Source information ▸
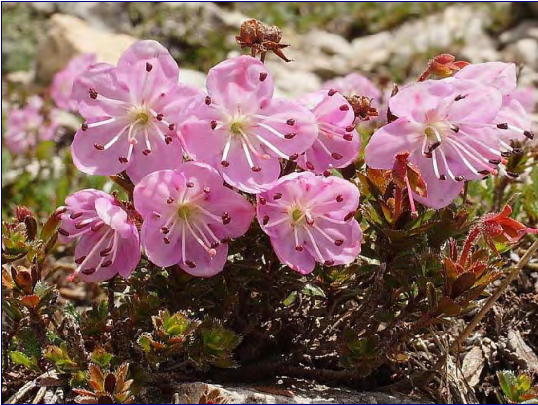
Rhodothamnus chamaecistus , a diminutive member of the family Ericaceae

most attractive campanulas, can be also grown on tufa rock in our gardens in northern or north-eastern exposures. Last spring my C. morettiana , a plant bought two years earlier in one of the German nurseries, gave me 5 big flowers.
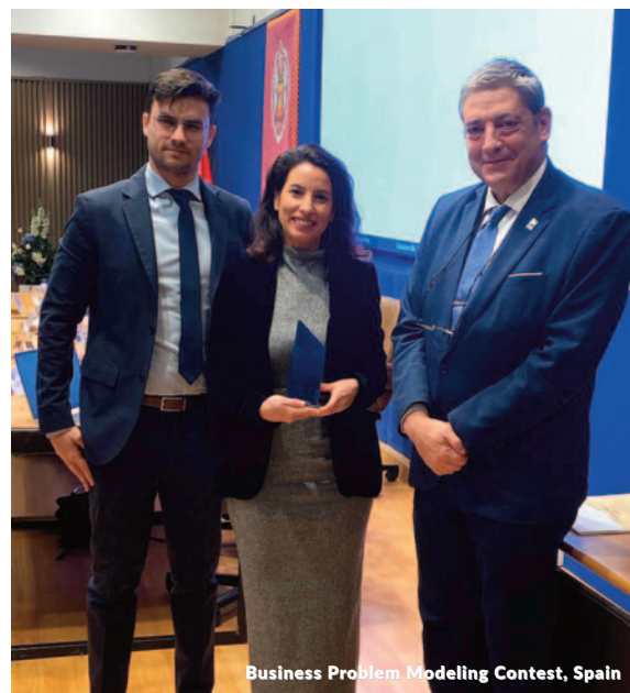
Business Problem Modeling Contest, Spain
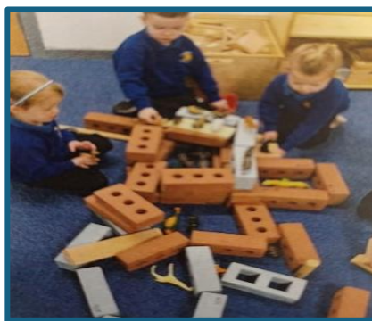
"We are building a huge zoo" It has different pens for different types of animals that the children grouped together.
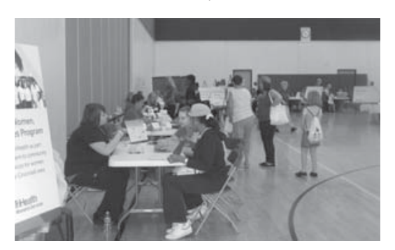
Many volunteers help make the Price Hill Women's Health Fair run smoothly! Thank you to all who helped!

Fair: More than sixty people gathered to make the 2013 Price Hill Women's Health Fair successful this year! Since the Price Hill Recreation Center was closed for renovations, the fair was held for the first time at Roberts Academy.
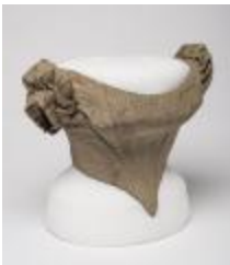
Textile: Bodice belonging to M. Lavinia Warren (T 2015.001.001)
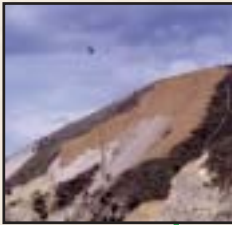
Road cut stabilization and restoration.

Large-scale natural and human-caused ecosystem disturbances generate a voluminous demand for native plant reproductive materials (most commonly seed) intended for restoration, revegetation, and stabilization of natural communities. This demand is enhanced by an increasing interest in establishing populations of native wildflowers, grasses, trees, and shrubs in parks, wildlife refuges, roadsides, tree farms and orchards, and residential landscapes.
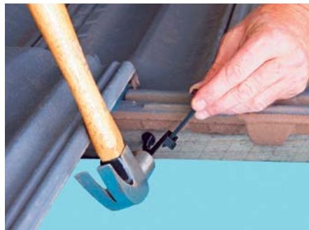
Hammer nail into batten
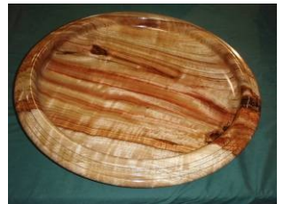
Erich Aldinger: Platter Camphor laurel 7008
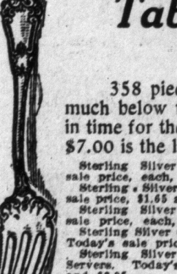
Table Pieces Away Less Than Half Price!

Choose from shirts and drawers in natural shade. Sizes 34 to 44. Today, 59c garments for 42c.
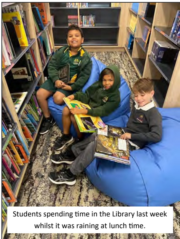
Students spending time in the Library last week whilst it was raining at lunch time.

I look forward to seeing you around our school community.
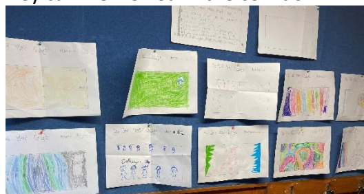
Designs for the ball wall

Entries for our new ball wall design are pouring in. They can be viewed in the corridor.
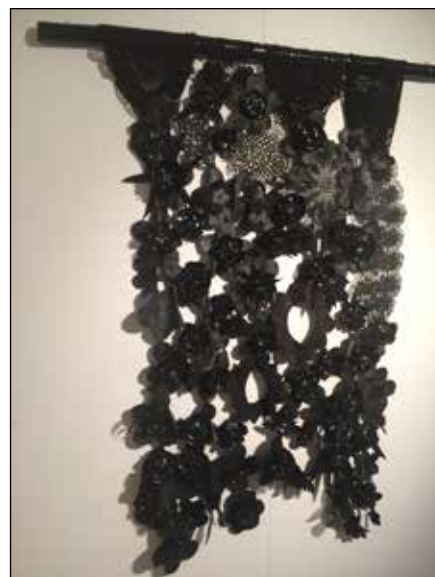
Caroline Rendle: Petal No.3 Antique lace, recycled PET bottles.
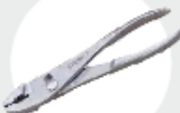
ADJ COMBINATION PLIER
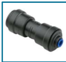
REF. 1116-1015 TAM. 15mm x 1/4" DESC. Reducing UNion
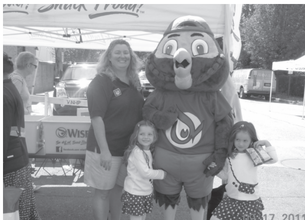
Peppy, the "Wise Owl" gave out free bags of chips and brought smiles to everyone he met. Thanks to Yorkshire Foods for their generosity, year after year.
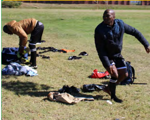
Below: some of the action that took place during the day.
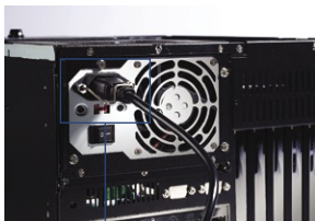
Plug ring-lock securely fastens the power cord (PS-400ATX-ZB)
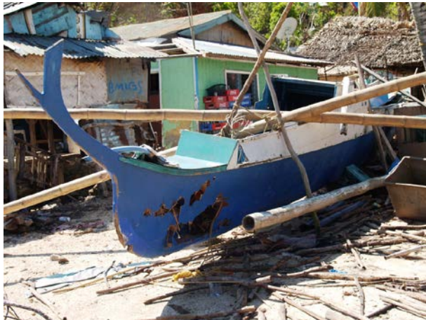
Many boats in Galoc were damaged

centre.” In Galoc 314 houses are destroyed, 110 partially damaged and 78 boats are gone. In Galoc people are unwilling to consider relocation even though they experienced a huge loss of houses. The school is still damaged so that all grades are being taught in the same classroom. As on the islands with the indigenous communities SLB is considering to build in Galoc a very strong housing or evacuation centre that can also serve as chapel, school or multi-purpose hall. The capacity building and community development would also be very important in Galoc.
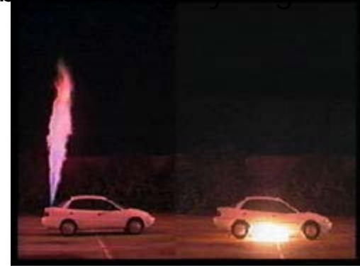
Photo 2 - Time 0 min, 3 seconds – Ignition of both fuels occur. Hydrogen flow rate 2100 SCFM. Gasoline flow rate 680 cc/min.

Photo 1 - Time: 0 min, 0 sec – Hydrogen powered vehicle on the left. Gasoline powered vehicle on the right.
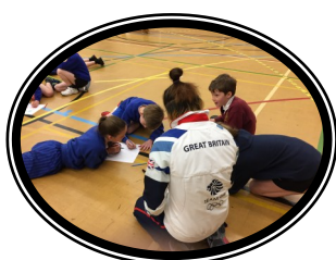
GB Judo Olympian Sophie Cox supporting pupils

Our Bronze Ambassadors from our Chester primary schools also showcased the great work they have been doing in their schools and received their special bronze pin badges for their exceptional work and commitment to their roles in school. Well done and keep up the brilliant work!
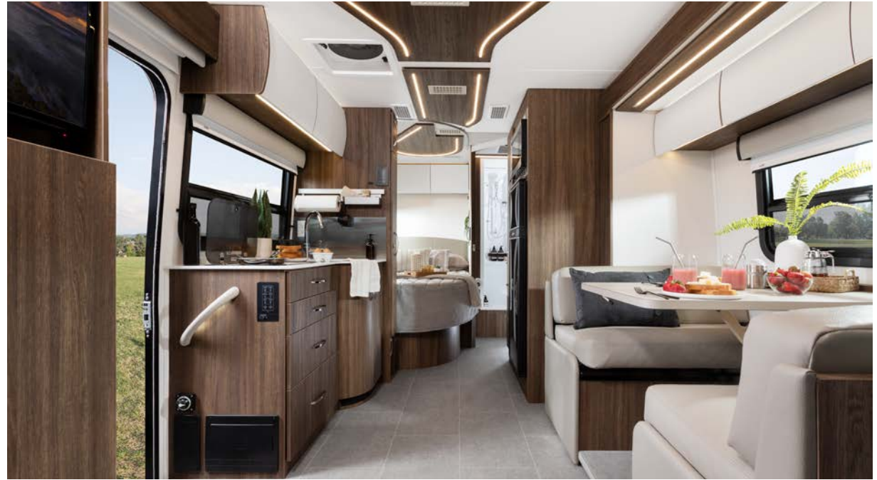
Mocha shown with Bianco White FENIX® Cabinetry Upgrade
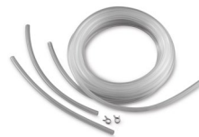
Silicon hose extension set for 2-stroke engines
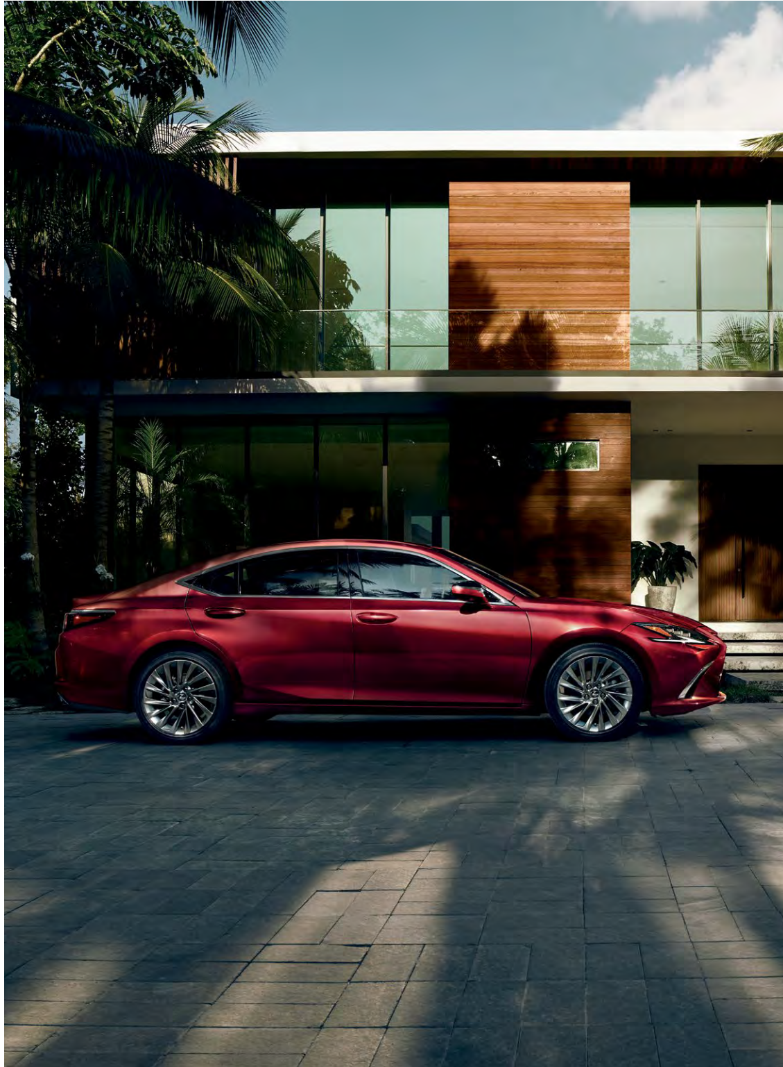
ES shown in Matador Red Mica
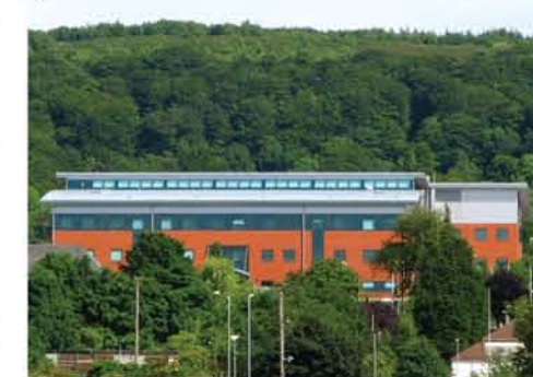
• MI5's £20 million Palace Barracks headquarters in Hollywood opened in 2007

"No amount of Stormont spin can change that."
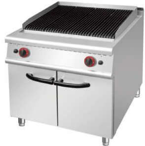
Gas Lava Rock Grill with Cabinet

A Model: HGL-907 Dimension: 800x900x920mm Packing Size: 880x980x1040mm Power: 58188BTU/Hour N/W: 137Kg A Model: HGL-707 Dimension: 700x750x920mm Packing Size: 780x830x1040mm Power: 49288BTU/Hour N/W: 113Kg
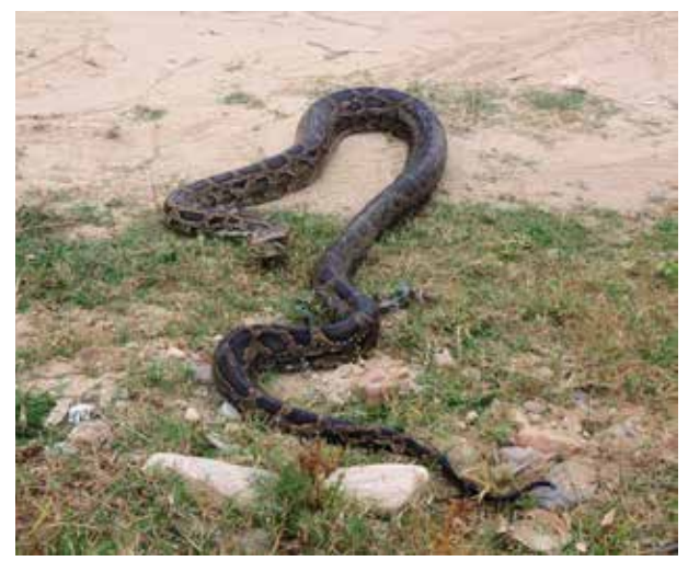
Fig. 21. Python bivittatus.

Python bivittatus (Kuhl 1820): The python is the largest snake species in Nepal and it is distributed from Nepalese Terai up to 2,800 m elevation in Nepal (Bhattarai et al. 2017). In the PNP, the species was observed from Bhata, Amlekhgunj-Hattisar, Halkhoria Daha, and Ramauli Pratapur (Fig. 21). The PNP has dry sub-tropical habitat and gets incidental fire. One injured python was found with wounds inside the park at Kamini Daha.
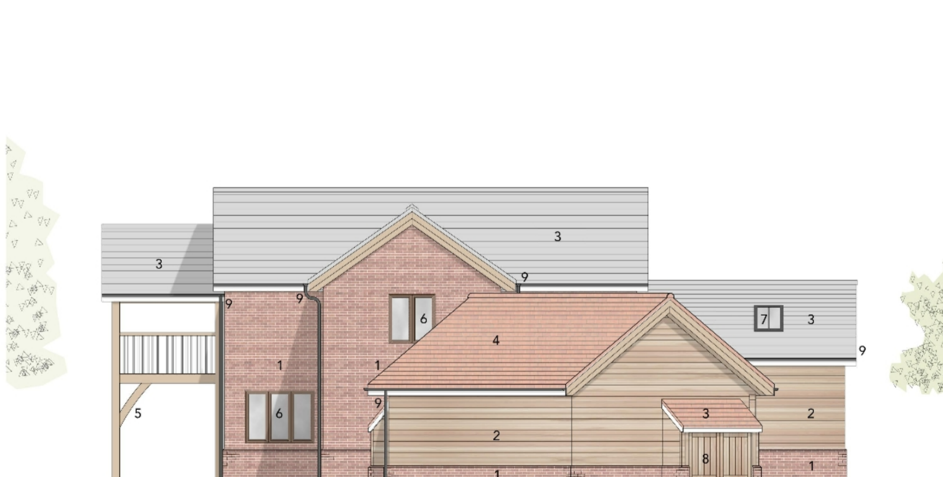
South Elevation - With garage in foreground 1:100 @ A1
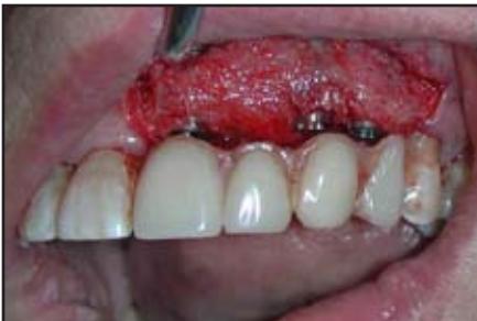
FIG. 13: Facial view of implant placement.
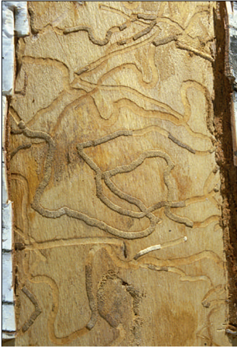
Figure 5. Meandering or zigzag galleries formed under the bark by tunneling larvae.
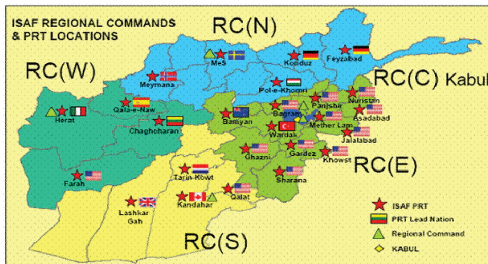
Figure 9-2 NATO ISAF PRT Locations Afghanistan 118
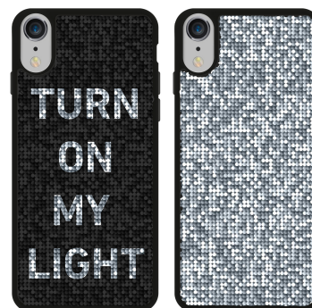
DOUBLE FACE CASE
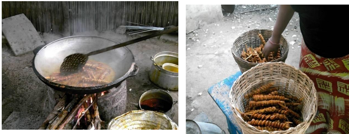
Figure 5 .Frying of skewered clams and batch of fried clams ready for sale

The most valuable part of the clam is the meat which is a delicacy and is processed and sold at major roadside stop-overs. The processing method is simple and involves initial boiling to open the shells after which the meat is taken out and washed to remove sand particles. It is then skewered and fried (Figure 5). The main locations for the sale of fried clams are along the major highways in south-eastern parts of Ghana at Atimpoku on the Accra-Ho Highway and at Kasseh and Sogakope on the Accra-Aflao Highway. Clam processors obtain their supply from fishers at two landing beaches at Agave-Afedome and Big Ada.
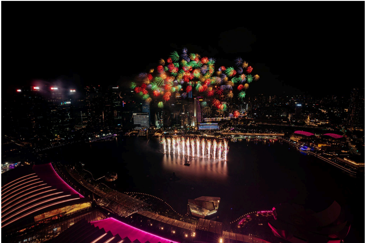
Fireworks Display - City in Nature
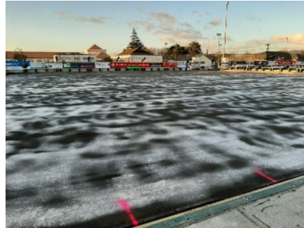
Total coverage now
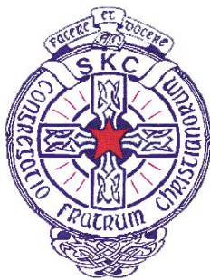
St Kevin's College
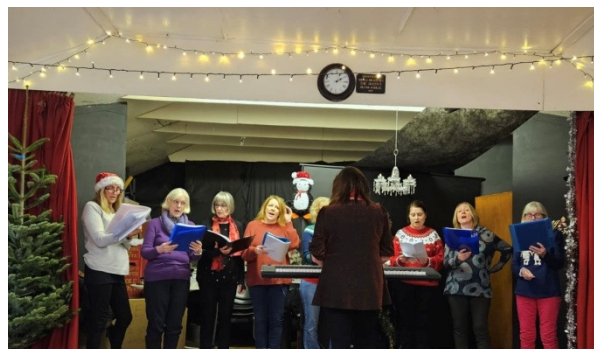
Carol singers at the Frost Fayre
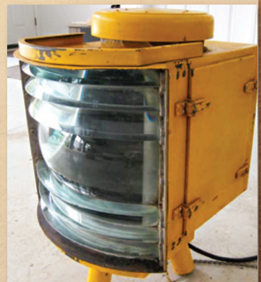
SPERRY AGA BEACON BEFORE RESTORATION

the World's Most Famous Beach where automobile and motorcycle racers also flew their planes for fun and competition.
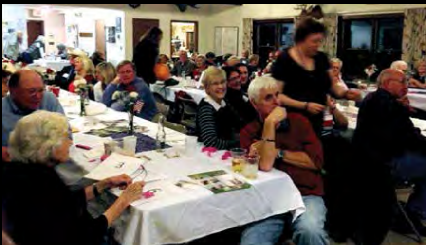
The Rural Women's Republican Club held its annual Saturday Night in the Country fundraiser at the B-CC Izaak Walton League.
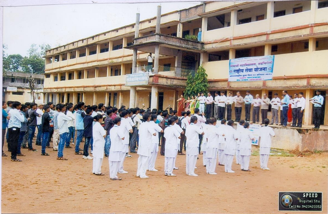
Taking an oath on 'Body Organ Donation' by the college. Session 2013-14
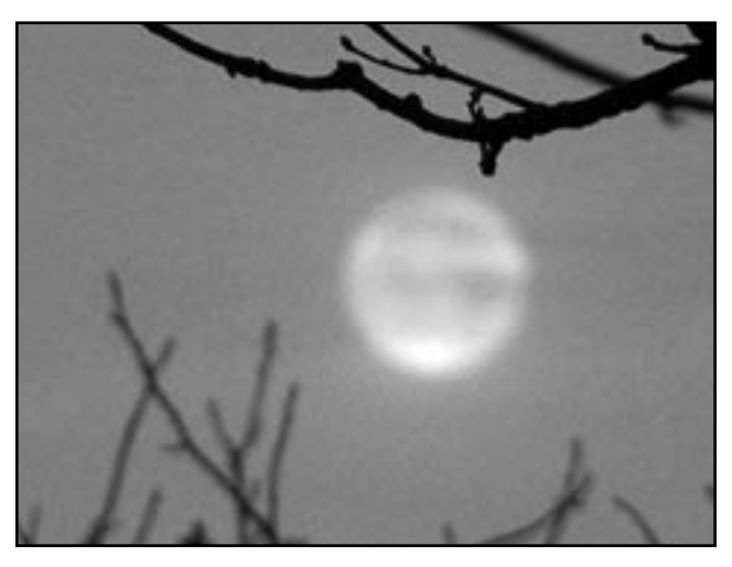
Full moon and branches, Thanksgiving 2005.

mind that come when one meets a teacher whom one trusts. I take saddhā , faith, to be faith in the Triple Gem, particularly in the Buddha as the Fully Enlightened One, the one who has fully understood the ultimate truths that bring the resolution of our existential predicament. It also means trusting confidence in the Dhamma as the teaching that discloses the truth about the existential predicament and its solution, as well as the path that leads to that resolution; in other words, the path that leads to enlightenment and liberation. And faith in the Sangha, that is trusting confidence in the community of noble ones, the confidence that those who have followed the teaching have personally gained wisdom and purified themselves of defilements.
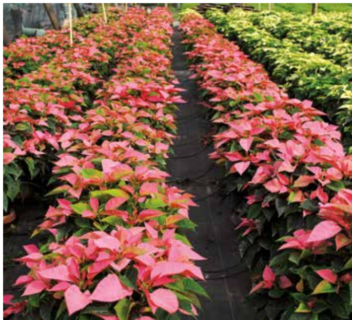
2 GALLON FREEDOM PINK & WHITE
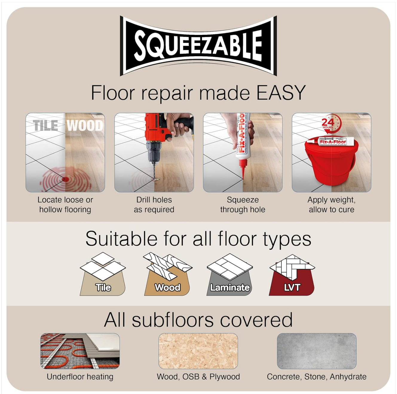
Image: A hand squeezing the Fix-A-Floor adhesive into a gap in the flooring.
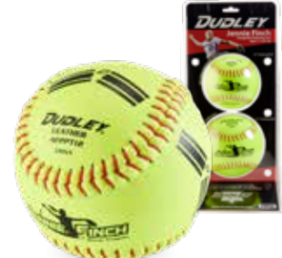
12" PITCHER'S TRAINING KIT Item# 4FPPT12R
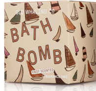
Knot Scented BOM013 Color- and scent-free, for a fun, fizzy experience for those with the most sensitive of skin.

What is needed ▸
Among the lines above, which hold the word "shown"? Report each one.

Answer for the task ▸
Mocha shown with Bianco White FENIX® Cabinetry Upgrade
ES shown in Matador Red Mica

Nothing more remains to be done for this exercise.